I'm relatively familiar with data.table , not so much with dplyr .

(我对data.table比较熟悉,而不是dplyr 。)

I've read through some dplyr vignettes and examples that have popped up on SO, and so far my conclusions are that:

(我已经阅读了一些dplyr小插曲以及出现在SO上的例子,到目前为止,我的结论是:)

  1. data.table and dplyr are comparable in speed, except when there are many (ie >10-100K) groups, and in some other circumstances (see benchmarks below)

    (data.tabledplyr在速度上具有可比性,除非有许多(即> 10-100K)组,并且在某些其他情况下(参见下面的基准))

  2. dplyr has more accessible syntax

    (dplyr具有更易于访问的语法)

  3. dplyr abstracts (or will) potential DB interactions

    (dplyr抽象(或将)潜在的DB交互)

  4. There are some minor functionality differences (see "Examples/Usage" below)

    (有一些小的功能差异(参见下面的“示例/用法”))

In my mind 2. doesn't bear much weight because I am fairly familiar with it data.table , though I understand that for users new to both it will be a big factor.

(在我的脑海里2.没有太大的重量,因为我对data.table非常熟悉,虽然我明白对于那些对这两者data.table熟悉的用户来说这将是一个很重要的因素。)

I would like to avoid an argument about which is more intuitive, as that is irrelevant for my specific question asked from the perspective of someone already familiar with data.table .

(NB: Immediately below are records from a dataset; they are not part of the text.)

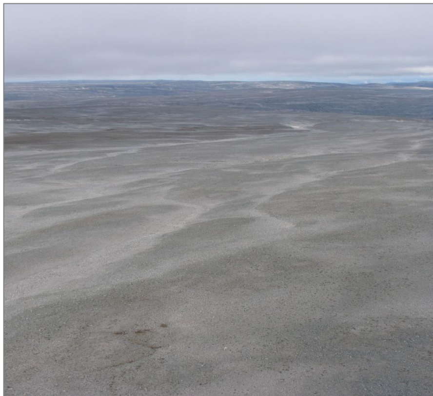
Govus 3. Davvi bieggapárkka plánaguovllus.

Beaivválaš jođiheaddji Geir Skoglund, e-poasta: geir.skoglund@vindkraftnord.no , tlf: 452 03 714.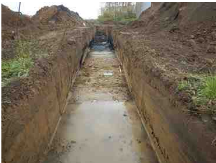
DSCN5066.JPG - Spoornummer(s): / - Inventarisnummer(s): / - Structuur: / - Zone/Werkput/Kijkvenster/Vlak: /5//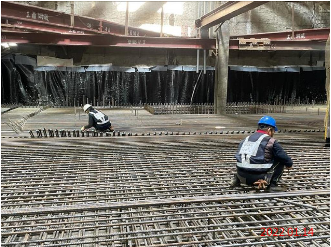
G12 站_站體結構底板鋼筋綁紮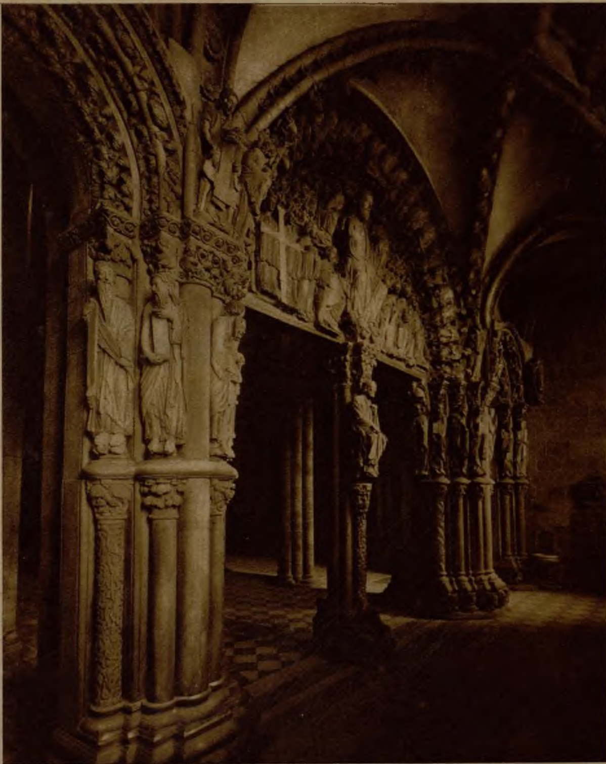
El famoso Pórtico de la Gloria, en la catedral de Santiago de Compostela

(我想避免争论哪个更直观,因为这与我从熟悉data.table的人的角度提出的具体问题无关。)

I also would like to avoid a discussion about how "more intuitive" leads to faster analysis (certainly true, but again, not what I'm most interested about here).

(我还想避免讨论“更直观”如何导致更快的分析(当然是真的,但同样,不是我最感兴趣的)。)

Question (题)

What I want to know is:

(我想知道的是:)

  1. Are there analytical tasks that are a lot easier to code with one or the other package for people familiar with the packages (ie some combination of keystrokes required vs. required level of esotericism, where less of each is a good thing).

    (对于熟悉软件包的人来说,是否需要使用一个或另一个软件包来编写分析任务更加容易(例如,需要按键的一些组合与所需的深奥水平相结合,其中每个项目都是好事。)

  2. Are there analytical tasks that are performed substantially (ie more than 2x) more efficiently in one package vs. another.

    (是否存在在一个包装与另一个包装中更有效地执行分析任务(即,超过2倍)的分析任务。)

One recent SO question got me thinking about this a bit more, because up until that point I didn't think dplyr would offer much beyond what I can already do in data.table .

(最近的一个问题让我想到了这个问题 ,因为直到那时我才认为dplyr会提供超出我在data.table已经做的data.table 。)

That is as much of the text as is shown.